I'd thought about getting up early to go take pictures of the Dzong in the morning light but I didn't wake up until it was time for breakfast and then time to go. The weird thing was that even though I got nearly ten hours of sleep I was still tired when I woke up. Today's drive wasn't two exciting we had three passes (the highest was 16,357 feet), a couple lakes (one created by the damming of the Nat-chu river, and Yamdrok-tso - a sacred lake). We stopped at Nangartse, a nondescript town, for lunch and were told not to leave the restaurant. Apparently today was the fiftieth anniversary of China taking Nepal and the police are being very strict.
About 70 kilometers from Lhasa we hit paved road. As soon as I realized that it was paved for good and not just a short stretch, I started to feel a little sad. Sad because it meant that the rest of my Tibet experience was going to be easy and that somehow killed some of the Tibetan magic for me. And sad because the journey was almost over. We still have three more nights in Lhasa, but it will be in the same place - no more traveling. As we got closer and closer to Lhasa my enthusiasm got less and less - the buildings were becoming more and more concentrated and they're all the ugly Maoist block architecture. Traffic increased, the air got hazy and the mountains vanished. As we entered Lhasa the traffic was horrendous - it looked like an ugly, overpopulated, polluted city - yuck. Even the first view of the Potala Palace didn't do much to improve my opinion - it's big, but it somehow looks fake and plastic-like from the modern mess. As we drove in to the older part of the city things started to look up - the cool architecture was back, the glimpses of the Potala Palace looked like magic, and the traffic was still terrible, but at least it was people on foot or donkey carts.

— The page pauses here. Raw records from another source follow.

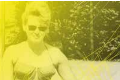
Mémoire de fille

Représentation suivie d'un bord de scène animé par le Planning familial.
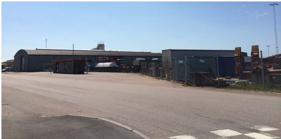
Överst: Ryttaregatan med Andersberg i bakgrunden. I mitten: Västkustbanan. Längst ner: Villhelmsfält industriområde.
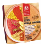
КИНОА С ТОМАТАМИ
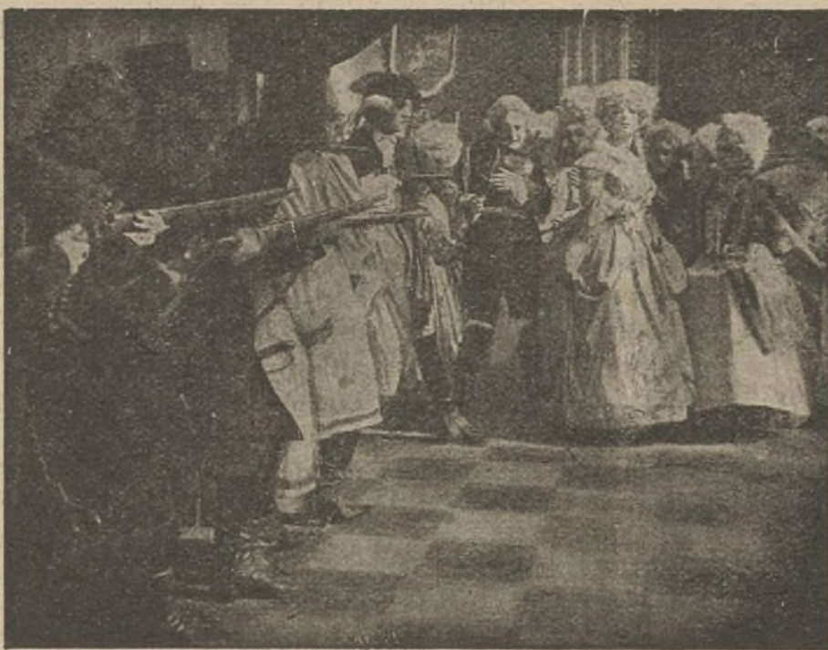
CATALINA LA GRANDE

desafiando la muerte representada por el tren que sale del túnel segundos después que el valeroso salvador. Laura le pide explicaciones sobre la razón de que le dispute la herencia de Stilwell; pero él no puede hacerle confidencias, a pesar de que la ama con un amor que poderosas razones han hecho hasta ahora inconfesable. No obstante, la joven siente renacer su confianza en Juan «Silencio», ante el argumento elocuentísimo de que acaba de salvarle la vida. Al separarse de él para dirigirse a su vivienda que es, desde hace algún tiempo, el oculto retiro de «El Invencible», la detiene un lazo del mismo asesino que al túnel la llevara. Imposibilitada ahora de todo movimiento por recias ligaduras, es puesta cerca de una caja de cartuchos de dinamita, colocada al borde de un terreno que se eleva sobre un barranco y sujeta con una cuerda que llega al fondo de éste, por donde necesariamente ha de pasar Juan «Silencio», quien, pisando sobre el terreno expresamente removido, hará caer la caja de dinamita y quedará sepultado entre las rocas que se desprendan con la explosión. Con el valor de las supremas decisiones, Laura se arrastra hacia la caja, toma entre sus dientes un cartucho de di-

Our hotel is fairly nice - not as nice as the last two nights, but I'm glad that it's in the old part of the city. After checking in I relaxed (I was still so tired) and did my journal entry from yesterday). After an hour or so I set out to explore. Barkhor Square isn't that far away so that was where I started the explorations. The square was teeming and the temple at the end was definitely the focal point. The temple had a entrance fee and I wasn't feeling up to it so I didn't go very far inside. There are hundreds (thousands?) of stalls stretching out on radial streets from the square so I started to explore. I ended up buying another knife, and a huge chunk of turquoise before getting bored. I had dinner with Corrine at a tourist place, but the food was good. After dinner we found an internet cafe and I spent an hour reading email and just browsing - all bonus as I hadn't expected to find internet access until I got back to Katmandu.